Harvard, however, thinks that it can square the circle with fanciful geometry. There are so many students with strong grades that something else has to be done to winnow a large number of applicants. So, Harvard puts great weight on its “personal rating” that looks to such matters as personal essays and letters of recommendations because “those personal qualities can distinguish the few truly exceptional students who are admitted from the thousands of accomplished and talented students who apply but who cannot be offered admission.”

 But this argument contains a huge non sequitur. It uses these personal ratings to deal with all applications regardless of their boards and grades. In that case, the sensible approach is to first exclude all the students that don’t fall into the very top tier on these objective measures and then use the personal ratings to pick out the subset of exceptional students. But the Harvard methodology starts from the indefensible assumption that there is likely to be some kind of a negative correlation between paper credentials and personal ratings, without explaining why that should be the case.

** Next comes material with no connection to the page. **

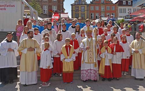 Messdiener aus dem ganzen Erzbistum feierten das Libori-Pontifikalamt gemeinsam mit Weihbischof Matthias König.pdp / Thomas Throenle„Es ist wichtig, eine Brücke vom Gottesdienst zu den Menschen und in den Alltag zu bauen. Das tun wir, indem wir Jesus nachfolgen und seine Zeugen sind, von ihm Zeugnis geben.“ Das sagte Weihbischof Matthias König am Libori-Freitag im Pontifikalamt mit Ministranten und Kindern im Hohen Dom zu Paderborn. Messdienerinnen und Messdiener aus dem gesamten Erzbistum Paderborn nahmen an der Heiligen Messe am Vormittag teil. Den Ministrantendienst übernahmen Messdiener aus dem Pastoralen Raum Brakeler Land und dem Pastoralen Raum Marsberg. Der Gottesdienst wurde musikalisch gestaltet von der Band „echtkultig“ aus Lichtenau.

The evident awkwardness of this comes from the clear and painful revelation that the Harvard admissions offices rates these Asian American students lower as a group on these subjective metrics than it does other minority students. The impact of these second-tier personal ratings must be enormous once one looks at the rates of admission by ethnic group. Harvard admitted for Fall 2018 an undergraduate class that was nearly 16 percent African-American and nearly 23 percent Asian-American. Harvard did not disclose in its motion for summary judgment the differences across groups by boards and grades, but its internal 2013 study concluded that absent special rules its class would contain 43 percent Asian-Americans. Similarly, a 2005 Princeton study showed that Asian Americans need to score 450 points (out of 1600) better on the SAT than African Americans to have an equal chance of being admitted to elite schools like Harvard. The overrepresentation of African American students relative to their share of the total population—nearly 16 percent relative to their 12.1 percentage in the United States—must of necessity rest exclusively on these personal ratings. To be remotely credible in its claim about personal ratings, Harvard explains how they all cut in one direction. But rather than face the music, Harvard would rather attack Asian American students because they score “lower than others on traits like ‘positive personality,’ likeability, courage, kindness, and being ‘widely respected,’” without ever explaining why the admissions committee members who don’t interview any students rate Asian Americans far lower than the alumni members who do conduct interviews.

Harvard’s next maneuver is to challenge the statistical studies that the Students for Fair Admissions presented to show discrimination. These arguments were shredded in an amicus brief by economists versed in statistical techniques.  It is impossible to summarize all the arcane points here, but there are a couple of key points worth mentioning. Harvard tries to explain away these differences by pointing to some “omitted” variable to explain the difference. But the best Harvard can do is point to the large preferences given to applicants who excel in sports or are children of alumni, two groups in which Asian Americans are underrepresented. But admissions for those groups are so much higher than Harvard’s general five-percent admission rate that Harvard cannot plausibly lump together different admission standards to defend itself against charges that it discriminates in its general admissions program.

It is hard to predict whether Harvard will win with its brazen defense. But it should lose under the Title VI standards that it so stoutly supports. Maybe then it will wise up and support politically the sensible alternative: let Harvard do as it will, so long as it is willing to recognize the same rights for other universities.